NEW YORK (AP) - In a story Aug. 15, The Associated Press, relying on information from state officials, erroneously reported which New York agencies were involved in fixing signs for the Gov. Mario M. Cuomo Bridge to add the governor’s middle initial. State officials now say only the Thruway Authority has been doing work to add the initial, not the Department of Transportation, which changed signs for other reasons.
A corrected version of the story is below:
Governor’s initial is missing, so new bridge signs need fix
Roughly year-old signs for the new Gov. Mario M. Cuomo Bridge are being patched over because his middle initial is missing
By JENNIFER PELTZ
Associated Press
NEW YORK (AP) - What’s in a name? Or in the case of New York’s new Gov. Mario M. Cuomo Bridge, what’s not in it?
Roughly year-old signs for the long suburban bridge are being patched over or replaced by the state Thruway Authority because they don’t bear the former governor’s middle initial, state officials said.
“The goal is to ensure uniformity across the system,” Thruway spokeswoman Jennifer Givner said, noting that the work is done in-house with “existing state resources.”
The state Department of Transportation also patched over its seven signs last fall, but only to reflect the replacement of the former Gov. Malcolm Wilson Tappan Zee Bridge, state Transportation Department spokesman Joseph Morrissey said.
The Journal News first reported the sign tweaks.
The nearly $4 billion bridge over the Hudson River opened last year. Connecting Westchester and Rockland counties north of New York City, the span replaced the former Tappan Zee.

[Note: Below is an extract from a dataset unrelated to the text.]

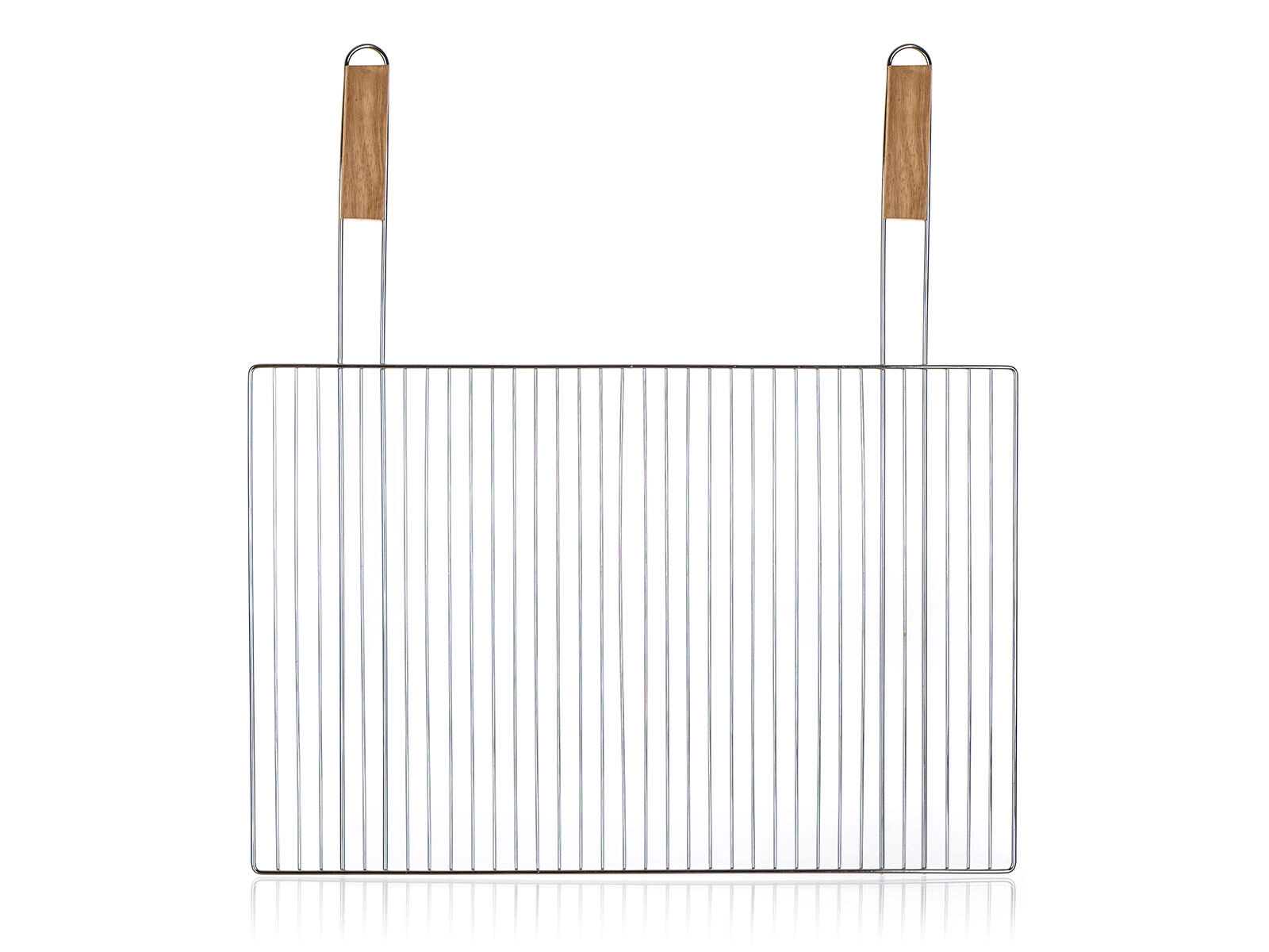 A 60 × 40 cm méretű, téglalap alakú BBQ grillsütő rács ideális választás mindenkinek, aki gyorsan, kényelmesen és kiváló eredményekkel szeretne grillezni. A masszív krómozott acél hosszú élettartamot és könnyű tisztítást garantál, míg a fa fogantyúk növelik a biztonságot és a kényelmet a kezelhetőség során.

Lawmakers and current Gov. Andrew Cuomo agreed to name the new span after his late father, who held the state’s highest office from 1983 through 1994. Mario Cuomo, who died in 2015, was Democrat, as is his son.
In a twist, Mario Cuomo had formally renamed the bridge to honor Wilson, a Republican. It had been the Tappan Zee Bridge since 1956, and many residents of the region kept calling it just that. (And many still do.)
The Cuomo change irked Wilson’s daughter, and it spurred an online petition urging that the name revert to Tappan Zee, which harkened to the area’s Native American history and Dutch colonists. Andrew Cuomo called the renaming-reversal campaign “vindictive” and personally hurtful.
The missing “M.” fixes come as a state agency is also correcting a misspelling of the name of the Verrazzano-Narrows Bridge in New York City. For over 50 years, one “Z’’ was missing.
In that dropped-letter matter, the state Metropolitan Transportation Authority argued for years that it could cost millions of dollars to correct road signs, brochures and maps referring to the nation’s longest suspension bridge.
Lawmakers and Cuomo agreed last year to fix the signs and materials only as they wore out or were reprinted.
The span honors Italian explorer Giovanni da Verrazzano, who sailed into what is now New York harbor in 1524.